5. Provimento do recurso extraordinário para a reforma do acórdão recorrido e consequente manutenção da sentença. Afirmação, em sede de repercussão geral, da seguinte tese: “Os transexuais têm direito a serem tratados socialmente de acordo com a sua identidade de gênero, inclusive na utilização de banheiros de acesso público”.

6. Provimento do recurso extraordinário. (BRASIL, 2015, online)
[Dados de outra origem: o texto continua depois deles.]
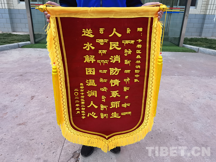 中國西藏網(wǎng)訊 一面錦旗,凝聚著群眾對消防隊(duì)伍誠摯的謝意和真摯的情感。4月1日,西藏自治區(qū)昌都市卡若區(qū)森林消防中隊(duì)迎來了一批“特殊的客人”(昌都市第二初級中學(xué)的師生代表),他們將一面繡有“人民消防情系師生 送水解困溫潤人心”的錦旗贈送給中隊(duì)全體人員,向中隊(duì)全體消防救援人員表示衷心感謝。

A seguir, foi proferido o voto do Ministro Edson Fachin, acompanhando o Ministro relator. Expõe que esta lide é mais um caso em que se deve conceder eficácia horizontal aos direitos fundamentais consagrados na Carta Magna. A solução para o caso perpassa pela dignidade da pessoa humana (art. 1º, III, da CRFB) e pela cláusula material de abertura prevista no § 2º do art. 5º da CRFB.

49 O caso também trataria de respeito à inviolabilidade do direito à vida, à igualdade, à segurança, à propriedade, à liberdade, à vida privada, à honra, à imagem e à igualdade entre homens e mulheres, devendo todos esses dispositivos serem interpretados em conjunto à cláusula de tutela geral dos direitos da personalidade.
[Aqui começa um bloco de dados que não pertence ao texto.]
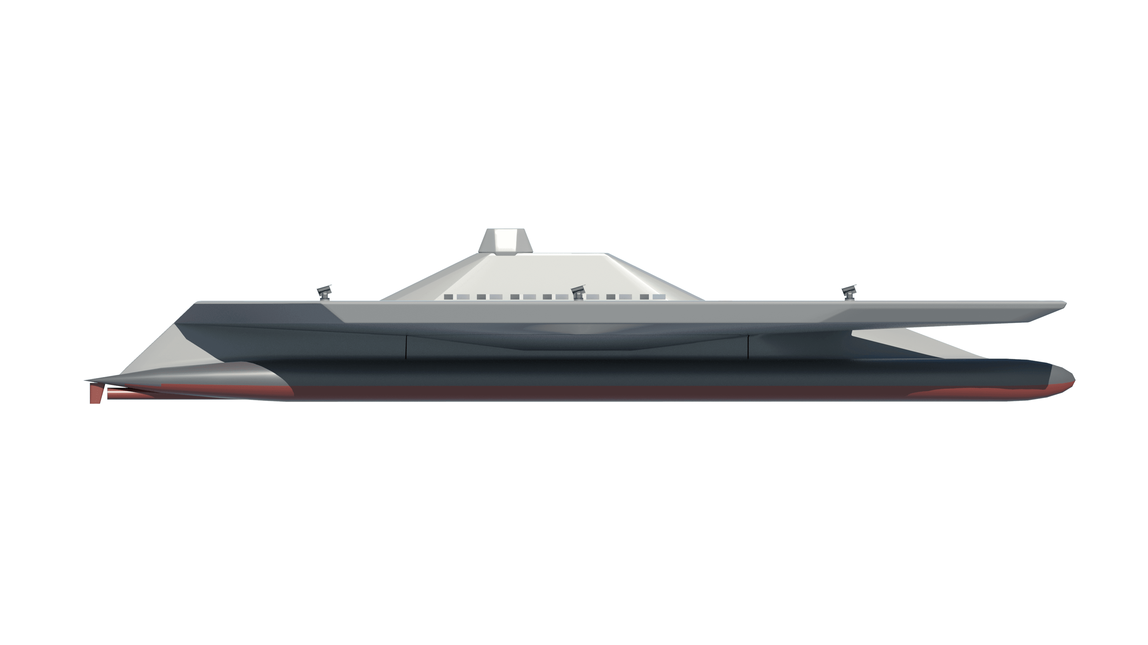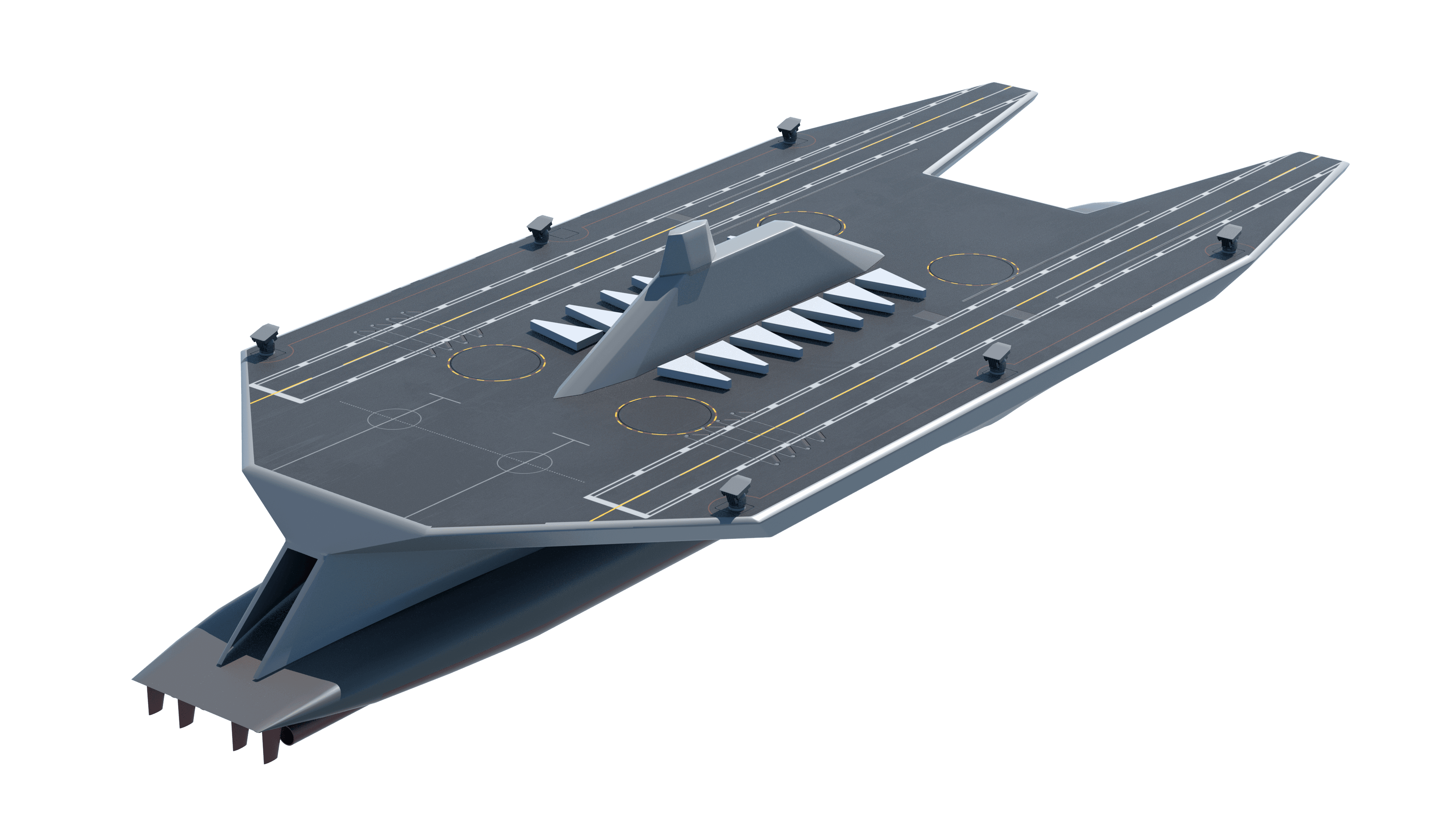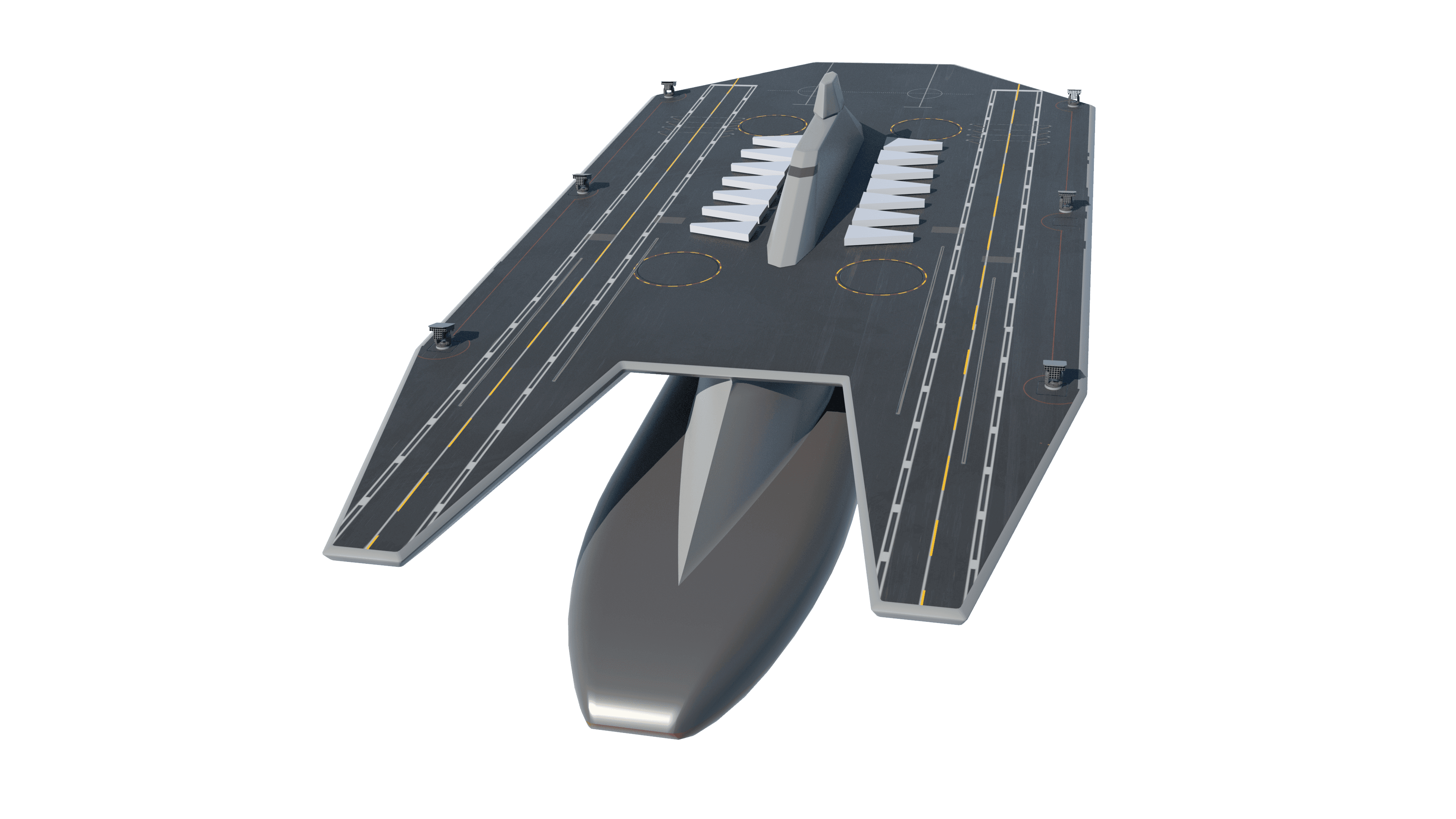 Gyro stabilized twin runway aircraft carrier. Main hull cosists of unique undersea shaping and a large-format gyrostabilizer, which enhances stability, does not require deeper water to sail. Flight deck is a completely different never-before-seen shape that is nevertheless immediately understandable as to its function

Este Ministro antecipa, ainda, como já relatado anteriormente, a discussão que é objeto de outra Repercussão Geral no Supremo, qual seja a necessidade da realização de cirurgia de transgenitalização para que pessoas transexuais tenham a sua identidade reconhecida. Segundo o Ministro Fachin, condicionar o reconhecimento do direito à personalidade de pessoas trans à mutilação do seu órgão genital seria uma nova violação da sua dignidade (BRASIL, 2015, online).

Ao fim, o Ministro ainda determina a reautuação do presente recurso, para que se inclua o nome social da requerente no processo, ao lado do seu nome civil, além de propor um aumento do quantum indenizatório de 15 mil para 50 mil reais, atualizados monetariamente e acrescidos de juros de mora desde a data do evento que ensejou a ação.
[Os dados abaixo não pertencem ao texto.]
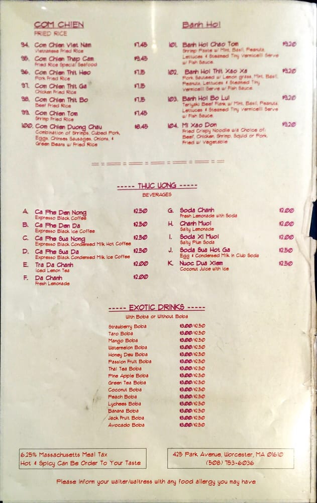 Nestled at 425 Park Ave, Worcester, Dalat Restaurant offers a delightful escape into the vibrant world of Vietnamese cuisine. Known for its extensive noodle and rice dishes, this casual eatery delights every palate, from vegans to meat lovers. Signature dishes like flavorful Pho and crispy egg rolls capture the essence of authentic Vietnamese flavors.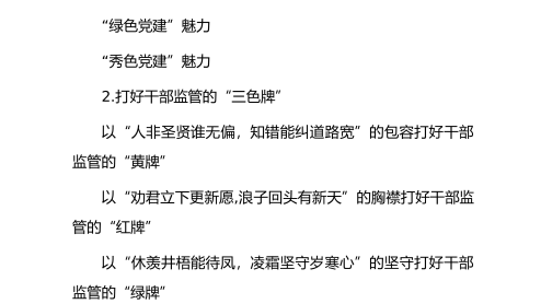 专题辅导党课:深入学习贯彻新修订《纪律处分条例》,坚定不移把纪律挺在前面,以铁的纪律推动全面从严治党向纵深发展同志们:党的二十大对全面加强党的纪律建设作出战略部署。党中央着眼解决大党独有难题、健全全面从严治党体系,对《中国共产党纪律处分条例》作了修订。作为规范党组织和党员行为的基础性法规,《条例》对确保全党在政治立场、政治方向、政治原则、政治道路上同以习近平同志为核心的党中央保持高度一致具有十分重要的作用。为进一步学深悟透习近平总书记关于党的自我革命的重要思想,全面贯彻落实中央和省市对学习贯彻新修订《中国共产党纪律处分条例》的部署要求,坚持党要管党、从严治党的一贯要求和根本方针,今天,我围绕准...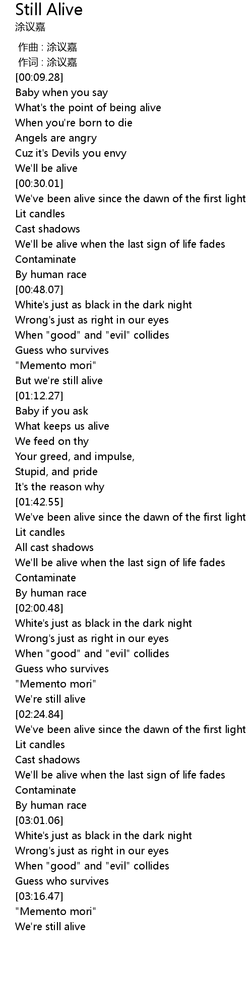 | [03:21.70] | We' re still alive |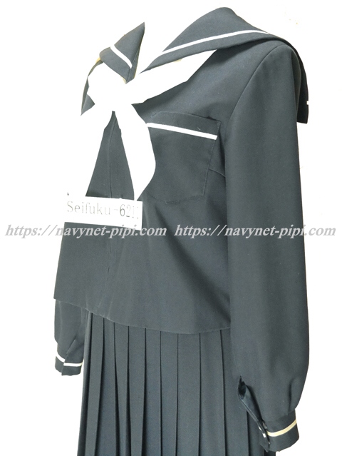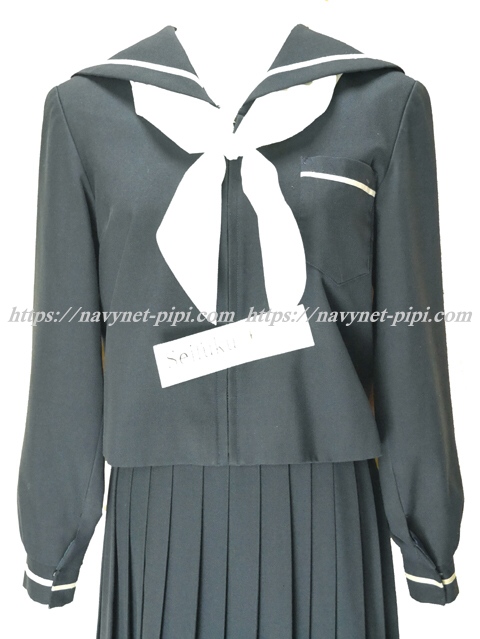 上着は濃紺でセーラー襟と胸ポケットと両袖口に白線1本♪

Conforme já exposto ao final do capítulo anterior, o julgamento do plenário em novembro de 2015 encerra-se com o pedido de vista do Ministro Luiz Fux que argumenta tratar-se de um desacordo moral razoável existente na sociedade e que, nestas situações, é prudente que a Corte adote um minimalismo judicial. Segundo este Ministro, a sociedade é bastante receosa quanto a este tema, fundamentando o receito segundo o “mito do predador do banheiro”, conforme exposto no segundo capítulo deste trabalho. O Ministro Lewandowski, então Presidente da Corte, manifestou em plenário a mesma preocupação do Ministro Fux.

Na data da realização desse trabalho já se passou mais de um ano do pedido de vista do Ministro Luiz Fux e o Recurso Extraordinário ainda não havia sido devolvido para julgamento pelo plenário. O prazo regimental da corte para análise do voto vista é de duas sessões ordinárias, contudo, não há qualquer consequência para o descumprimento desse prazo, o que acaba dando um verdadeiro “poder de veto” aos Ministros, que podem pedir vista de um processo por tempo indeterminando, impedindo o julgamento da causa.

Conforme levantamento da Fundação Getúlio Vargas publicado em 2014, só um a cada 5 pedidos é devolvido dentro do prazo regimental, com a duração média de 346 dias. A média do Ministro Luiz Fux, segundo o levantamento realizado no período 1988-2013, é de 169 dias (FALCÃO; HARTMANN; CHAVES, 2014). Espera-

50 se que o Ministro não utilize o seu voto vista como uma forma de, indiretamente, fazer prevalecer a sua tese de que o RE 845.779/SC demandaria um minimalismo na atuação jurisdicional, por tratar, supostamente, de um desacordo moral razoável na sociedade.